Though records are unclear as to exactly when, but the Bar's Committee on Legal Ethics, the predecessor to the Lawyer Disciplinary Board, found probable cause in the Eshenaur family's complaint, and brought a statement of charges against Musgrave.

What is clear, however, is that a hearing was held on the statement on Nov. 22, 1991, over 3 ½ years after the complaint was docketed.

Records show the original statement charged Musgrave with committing a Rule violation in not providing sufficient legal representation to Roy Eshenaur in drafting the codicil. However, Bar Counsel Sherri D. Goodman moved to dismiss that paragraph in the statement.

The basis for dismissal, Goodman said, was based on the fact that the statement mistakenly quoted from a December 1978 codicil and not the one drafted on May 24, 1979, and that an expert the Bar consulted with determined the codicil could have been enforced despite earlier assertions it couldn't.

During the hearing, Musgrave admitted to his failure in timely filing the personal property claim with Aetna. As punishment, Musgrave agreed to a loosely structured plan for supervision in lieu of a public reprimand by the Supreme Court.

Records show that in August 1988 Musgrave "voluntarily submitted to an examination for alcohol impairment by Dr. Stephen Ward and Wayne Dickinson, M.S.W. at the Wheeling Clinic." Though his evaluation did not conclusively find Musgrave was impaired "between 1979 and 1984, the time period in which he served as co-executor," Dickinson did determine Musgrave's alcoholism "may have started as long as ten years prior to the date of the examination."

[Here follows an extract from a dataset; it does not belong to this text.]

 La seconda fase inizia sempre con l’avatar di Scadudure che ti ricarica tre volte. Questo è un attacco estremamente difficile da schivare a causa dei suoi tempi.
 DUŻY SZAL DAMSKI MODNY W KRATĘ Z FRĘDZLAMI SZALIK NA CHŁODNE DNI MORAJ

Though records are not specific, but prior to conducting the hearing, "A more recent investigation showed that Respondent may still have drinking problems." Because of that, Goodman said a public reprimand would be insufficient punishment, and " the public would be better served by prompt implementation of the above-referenced agreement."

The agreement, records show, called for Musgrave for the next two years beginning on Nov. 25, 1991 to avoid drinking alcohol, attend weekly Alcoholics Anonymous meetings and telephone John T. Kay Jr. once a week on his status. The Committee warned Musgrave failure to abide by the agreement would result in the Bar filing a public reprimand with the Court as well as asking for additional sanctions.

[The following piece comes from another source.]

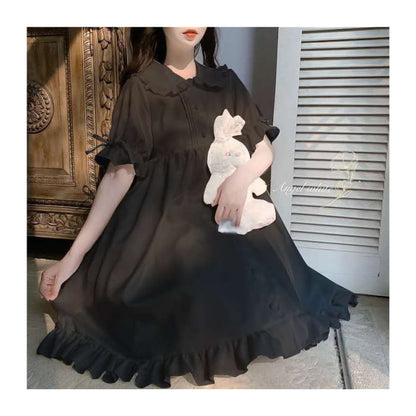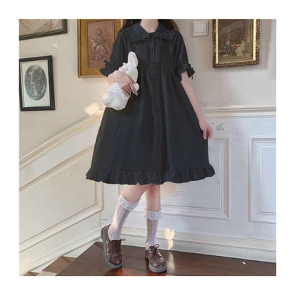 Lolita Short-Sleeve Frill Trim A-Line Shirt Dress

Pursuant to the agreement, the Committee said it would not seek to recover the costs of the hearing from Musgrave unless he filed to abide by the terms.

Finally, the Committee instructed Musgrave to search his files for any personal effects of Roy Eshenaur's in his belonging, including a spiral notebook in which he kept his appointments. Records show that Charles and Lawrence Eshenaur, who attended the hearing on the family's behalf, approved of the agreement.

On Aug. 15, 1992 the Committee's full hearing panel unanimously agreed to adopt the subcommittee's findings during the Nov. 1991 hearing.

Though the family-heirs could have brought a legal malpractice suit against Musgrave, Charles said in his letter they decided against that. Instead, they opted to file their complaint with the Bar in the hope that any discipline would deter him from victimizing other clients.

"Although as beneficiaries we believe that we sustained financial loss by reason of the actions and inactions for Mr. Musgrave," Charles said, "we did not file a civil action against Mr. Musgrave for such financial loss, but rather, by this communication, are desirous of having you or your committees verify the negligence and incompetency and take such action as will insure that innocent citizens and clients in the future are not exposed to the same financial loss and anxiety."